Wienerberger: Nicht nur die Ziegel sind rot

Wienerberger: Nicht nur die Ziegel sind rot

Beim weltweit größten Ziegelhersteller Wienerberger haben heuer im ersten Halbjahr die schwache Konjunktur, der extrem lange, kalte Winter und danach die starken Regenfälle und das Hochwasser auf das Geschäft gedrückt. Unter dem Strich prangt in der Halbjahresbilanz ein Verlust von 31 Mio. Euro - im Vergleichszeitraum 2012 hatte der Konzern noch einen Gewinn von 24,3 Mio. Euro ausgewiesen.

"Im vergangenen Jahr hatten wir durch die Pipelife-Transaktion einen einmaligen positiven Bewertungseffekt von rund 42 Mio. Euro", erklärte Wienerberger-Chef Heimo Scheuch die extreme Ergebnisverschlechterung.

Dank der vollständigen Übernahme des Rohrherstellers Pipelife erhöhten sich dafür der Umsatz um 27 Prozent von 988,7 auf 1,26 Mrd. Euro und das operative Ergebnis vor Zinsen, Steuern und Abschreibungen (EBITDA) um 5 Prozent auf 106,3 Mio. Euro. Das Betriebsergebnis (EBIT) verringerte sich heuer zum Halbjahr allerdings von 7,1 auf 4,9 Mio. Euro.

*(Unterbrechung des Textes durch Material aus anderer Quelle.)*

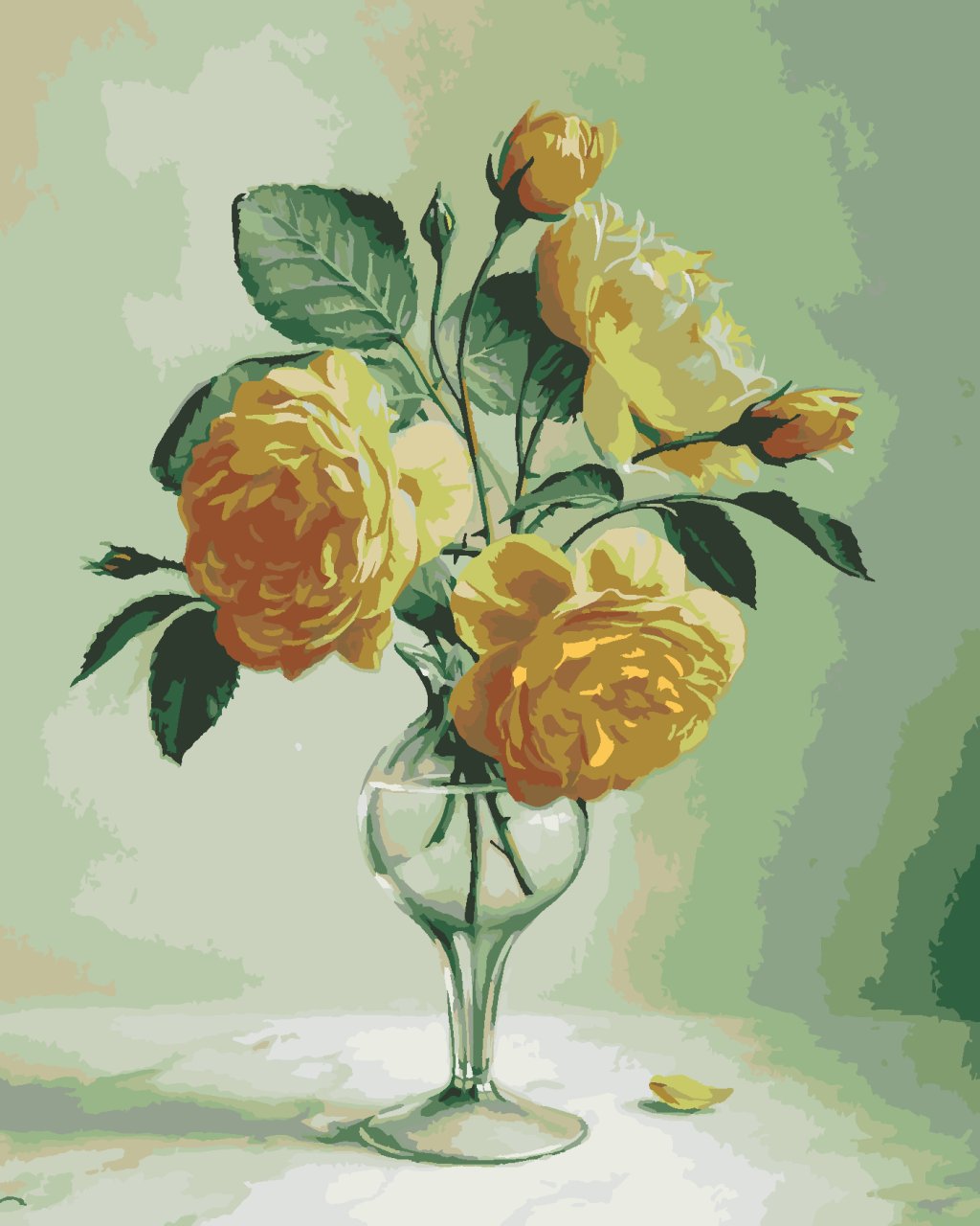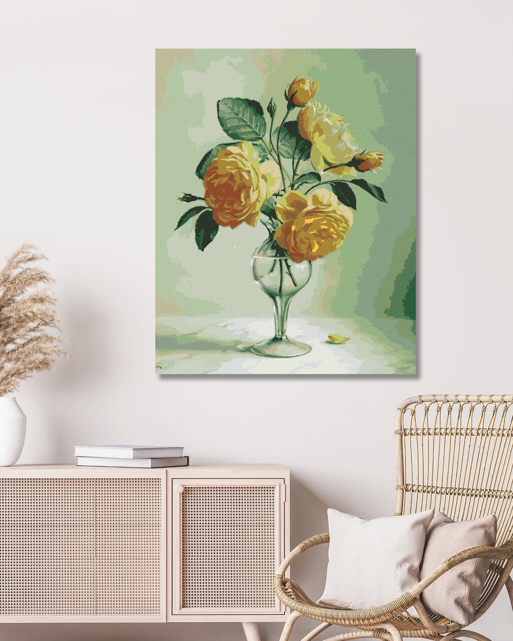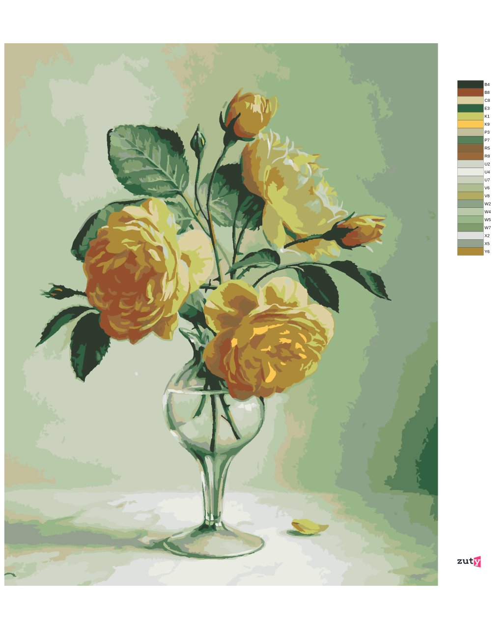 Maľovanie podľa čísel - ZÁTIŠIE ŽLTÉ RUŽE V SKLENENEJ VÁZE (PIETER WAGEMANS)

"Das zweite Quartal hat nicht diese Aufholeffekte gebracht, die wir uns erhofft hätten", sagte Scheuch am Dienstag in einer Pressekonferenz. Es belastete vor allem das Umsatzminus im ertragsstarken Dachziegelgeschäft. Der Konzern habe heuer einen nicht mehr aufholbaren EBITDA-Rückstand von 20 Mio. Euro.

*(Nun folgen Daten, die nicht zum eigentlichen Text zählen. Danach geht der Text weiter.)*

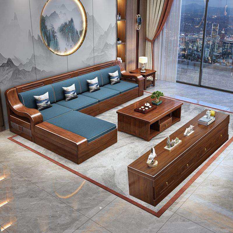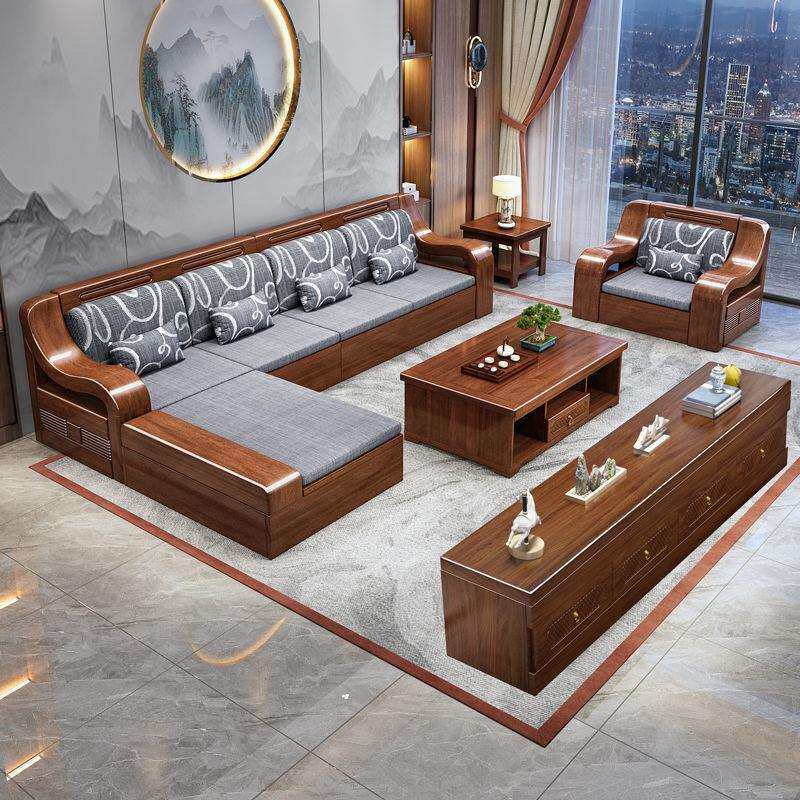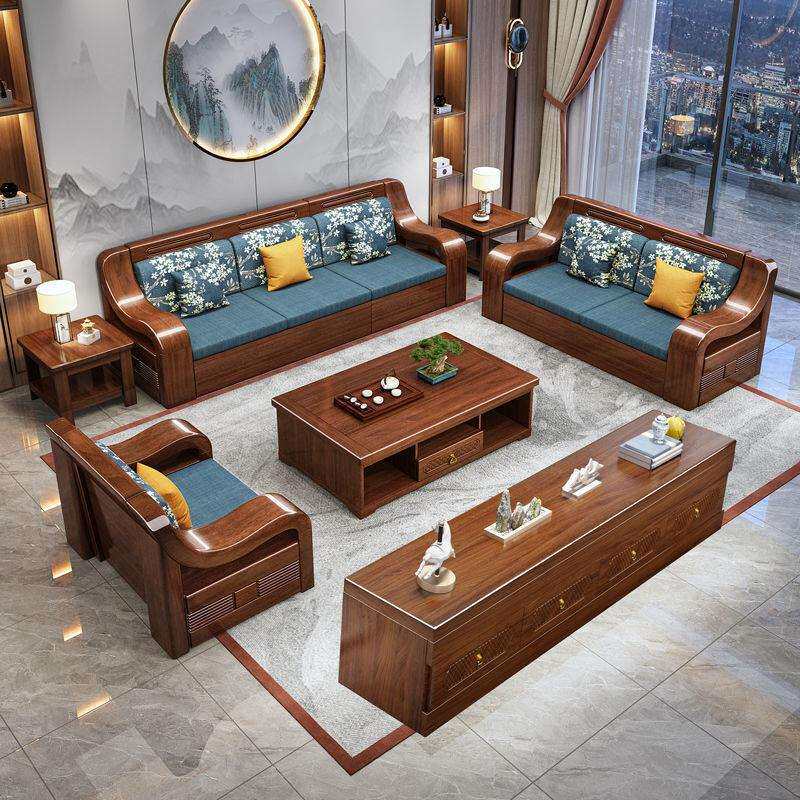 新款胡桃木实木沙发茶几电视柜组合客厅冬夏两用大小户型储物家具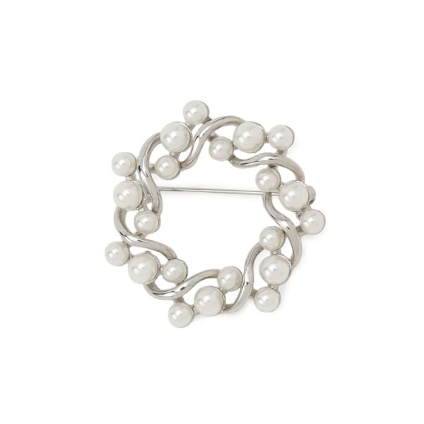 そのような幸福を願うリース型(サークル型)にパール調のパーツをあしらい立体感のある、ジャケットやワンピース、ストールとも相性の良いセレモニー・卒入学シーズンにも最適なデザインでおつくりしました。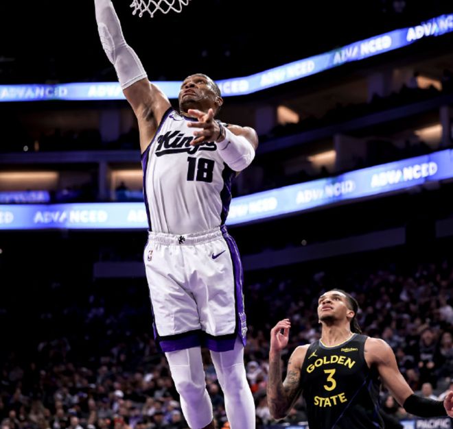国王队自然是要抓住这样的机会,威斯布鲁克打得非常积极主动。随着队内伤病的增多,威斯布鲁克已经进入了国王队的首发阵容,甚至要顶上前锋的位置,但这都难不倒他,他有能力为球队做贡献。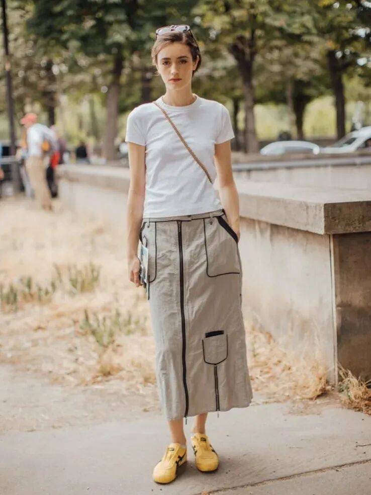 白色圆领T恤,容易给人亲近的感觉更是休闲感十足,搭配一件灰色工装半裙,能让你的整体穿搭更加和谐显干练女人味,搭配一双黄色运动鞋,有种恰到好处的随意,又彰显了个性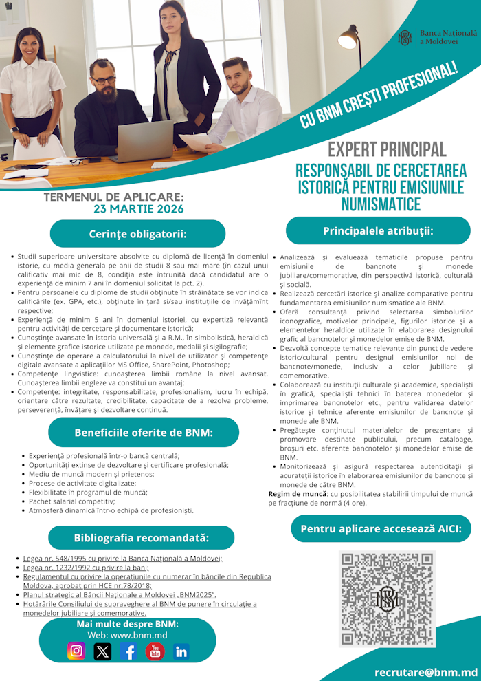 Expert principal responsabil de cercetarea istorică pentru emisiunile numismatice

"Westeuropa hat am meisten unter der Witterung gelitten", sagte Finanzvorstand Willy Van Riet. 90 Prozent des Umsatzes erwirtschaftet der Ziegelriese in der EU.

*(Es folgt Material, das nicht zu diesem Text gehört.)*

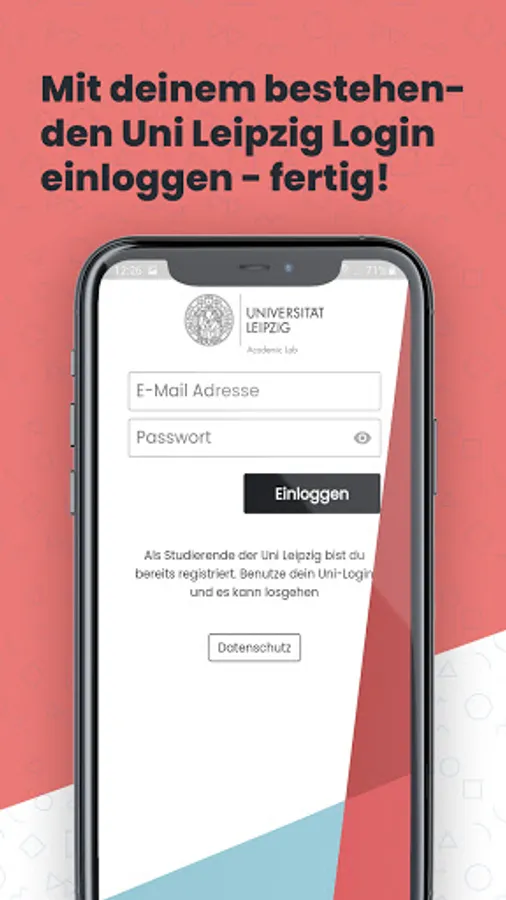 Use is currently only intended for students at the University of Leipzig. With the Unilogin assigned when you enrolled, you can also use the study app. No further account is necessary!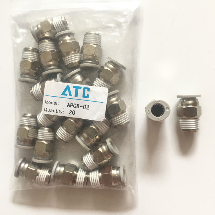 APC8-02现货台湾亚德客AIRTAC接头产品特点简介:外观小巧、节省安装空间、性价比高、螺纹部分涂有密封附件剂、M5公制螺纹附密封垫片、确保螺纹连接部分无泄漏、塑料接口部分颜色有灰色和黑色可选、方便与配管!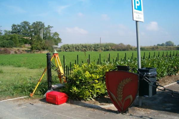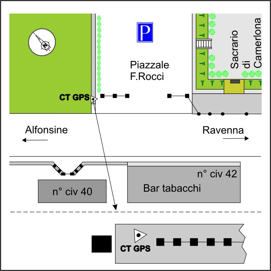 | Materializzazione | Centrino in acciaio inox del tipo "GPS C" infisso sul muro in cemento limitante il parcheggio del sacrario. Spigolo sx guardando il parcheggio. |
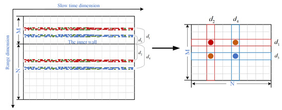 The range corresponding to the maximum value of the echo spectrum needs to be found. This range serves as the dividing line for the range-slow time matrix. In through-wall detection, the most powerful echo is the reflection from the inner wall, which is path in Figure 8. Therefore, the range corresponding to the maximum value is the position of the inner wall. The matrix of range-slow time echoes is divided into upper and lower parts bounded by it. As shown in Figure 9, the upper matrix contains M rows and the lower matrix contains N rows. Rows and columns represent the range dimension and the slow-time dimension. The two matrices are denoted as and , respectively. Row of matrix and row of matrix can be expressed as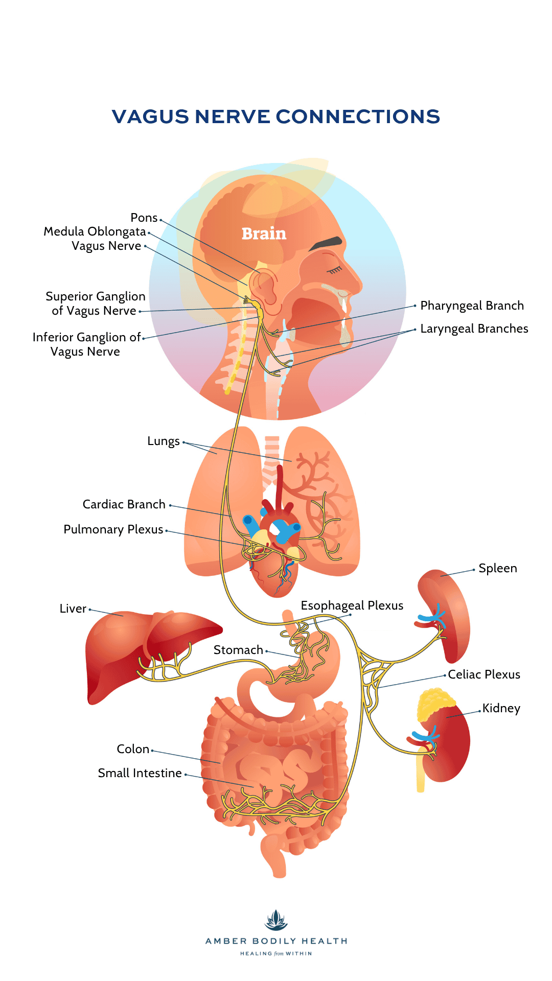 The vagus nerve is the longest cranial nerve in the body and a central player in this process. It originates in the brainstem and extends down through the neck, chest, and abdomen. Along the way, it innervates the heart, lungs, esophagus, stomach, intestines, liver, pancreas, kidneys, and spleen. As the main nerve of the parasympathetic nervous system, it plays a critical role in reducing inflammation, promoting digestion, and regulating immune function through the cholinergic anti-inflammatory pathway.

Für das Gesamtjahr wiederholte Scheuch die EBITDA-Guidance von jetzt nur noch 260 Mio. Euro - im Mai hatte Wienerberger noch 280 Mio. Euro angestrebt. Insgesamt werde eine "leichte Umsatz- und Ergebnissteigerung" erwartet.

2012 hatte Wienerberger ein operatives Ergebnis vor Zinsen, Steuern und Abschreibungen von 245,5 Mio. Euro erzielt und dabei einen Nettoverlust von 40,5 Mio. Euro erlitten.

Für den weiteren Verlauf des Jahres 2013 ist Scheuch vorsichtig optimistisch: "Wir gehen davon aus, dass wir im zweiten Halbjahr ein stärkeres Geschäft vorfinden werden - vor allem im Ziegelbereich in Europa", so der Konzernchef. Die Sommermonate seien "in den Erwartungen" gewesen - auch in Westeuropa sei wieder "eine gesunde, stabile Entwicklung eingetreten".

Bei der Restrukturierung liege der Konzern "voll im Plan". Bis Jahresende sollen heuer 18 Mio. Euro eingespart werden, bis Ende 2014 rund 50 Mio. Euro. Auch die Verkäufe laufen den Angaben zufolge plangemäß - bis 2016 will Wienerberger stillgelegte Betriebsliegenschaften im Volumen von 100 Mio. Euro "verwerten", heuer sollen es 10 Mio. Euro sein.

Der Ziegelriese betreibt derzeit weltweit 216 Werke, die im Jahresschnitt zuletzt nur zu 60 Prozent ausgelastet waren. Wienerberger beschäftigte im ersten Halbjahr durchschnittlich 13.742 Arbeitnehmer (Vorjahr: 13.060) - rund 900 davon in Österreich. Hierzulande erzielt der Konzern einen Umsatz von rund 148 Mio. Euro.